Our APs are in flexconnect but are local to the facility. The wireless clients are on the VLANxxxx from cores and our APs are on VLANxx for management. The outside internet is also provided here. What would be a configuration to try? There is no route to outside internet.

 The important thing is the WLAN.. Is the option "FlexConnect Local Switching " checked  on the WLC? If not, then the traffic is sent to the WLC and then the scenario is different.

Removed

https://www.cisco.com/c/en/us/support/docs/wireless-mobility/wireless-lan-wlan/215928-flexconnect-oeap-with-split-tunneling-co.html

I know this feature but I am not sure it can apply in WLC9800

Office-extend is a different feature - designed for homeworkers and probably not appropriate for this scenario.  Also that guide is for AireOS.

Some things still not clear from your descriptions:

- Is your WLC on the same site as the APs or is the WLC at a different site? (I'm getting the impression the WLC is at a separate central site)

- You want to break out the internet traffic at the local site?

- Your "simple diagram" doesn't show what's between the AP and the WLC - so what is there?  Or are you saying your AP is physically connected directly to the WLC?

Might be easier to put your diagram on a drawing showing all the relevant connectivity.  It's very difficult to answer your question without knowing all those details.

For general Flexconnect overview: https://www.cisco.com/c/en/us/support/docs/wireless/catalyst-9800-series-wireless-controllers/213945-understand-flexconnect-on-9800-wireless.html

There is a feature called Split Tunneling for FlexConnect that you might be able to use although it's really intended for accessing specific local services eg. printer.  But you might be able to use it to break out everything except the traffic going to specific core services.

https://www.cisco.com/c/en/us/td/docs/wireless/controller/9800/17-3/config-guide/b_wl_17_3_cg/m_vewlc_flex_connect.html#ID138

Actually looking at their example I think they're doing exactly what you want to - sending a specific IP for central switching and everything else local.

This is basically Layer 3 routing, I recommend you connect your Internet router to L3 switch directly.

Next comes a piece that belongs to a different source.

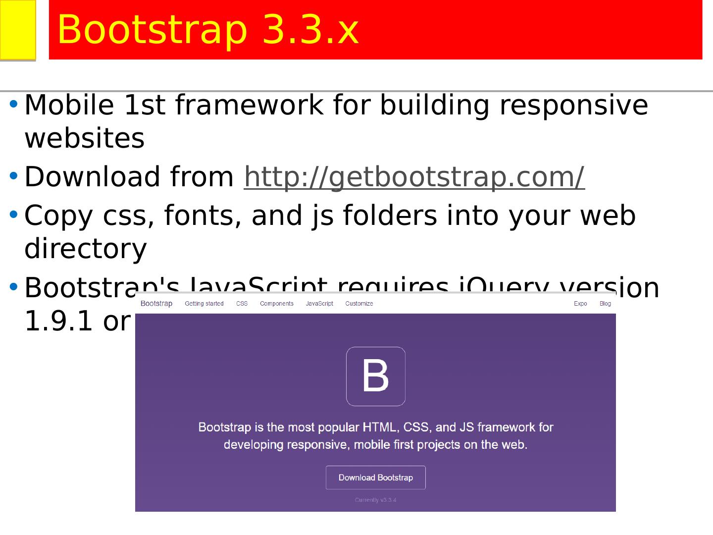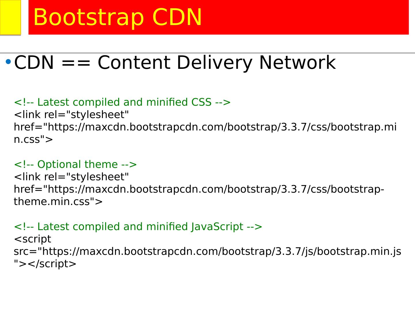 6 .CDN == Content Delivery Network Bootstrap CDN http://www.asp.net/ajax/cdn <!-- Latest compiled and minified CSS --> <link rel ="stylesheet" href ="https:// maxcdn.bootstrapcdn.com/bootstrap/3.3.7/ css /bootstrap.min.css "> <!-- Optional theme --> <link rel ="stylesheet" href ="https:// maxcdn.bootstrapcdn.com/bootstrap/3.3.7/ css /bootstrap-theme.min.css "> <!-- Latest compiled and minified JavaScript --> <script src ="https:// maxcdn.bootstrapcdn.com/bootstrap/3.3.7/ js /bootstrap.min.js "></script>

I would manipulate routing in order to achieve this, if using static routes I would add more specific routes towards MPLS where the subnets are defined and default route towards Internet in your L3 switch.

For MPLS

ip route 10.0.0.0 255.0.0.0 <MPLS Router IP>

ip route X.X.X.X X.X.X.X <MPLS Router IP>

For Internet 

ip route 0.0.0.0 0.0.0.0 <Internet Router IP>

It's called policy based routing.  Standard routing is based on the packet's destination address.  Policy based routing allows you to base the routing decision on source and/or destination address and other characteristics independent of the routing table.  In this case you would send everything originating from the mobile client subnet source range to the next hop IP of your internet router.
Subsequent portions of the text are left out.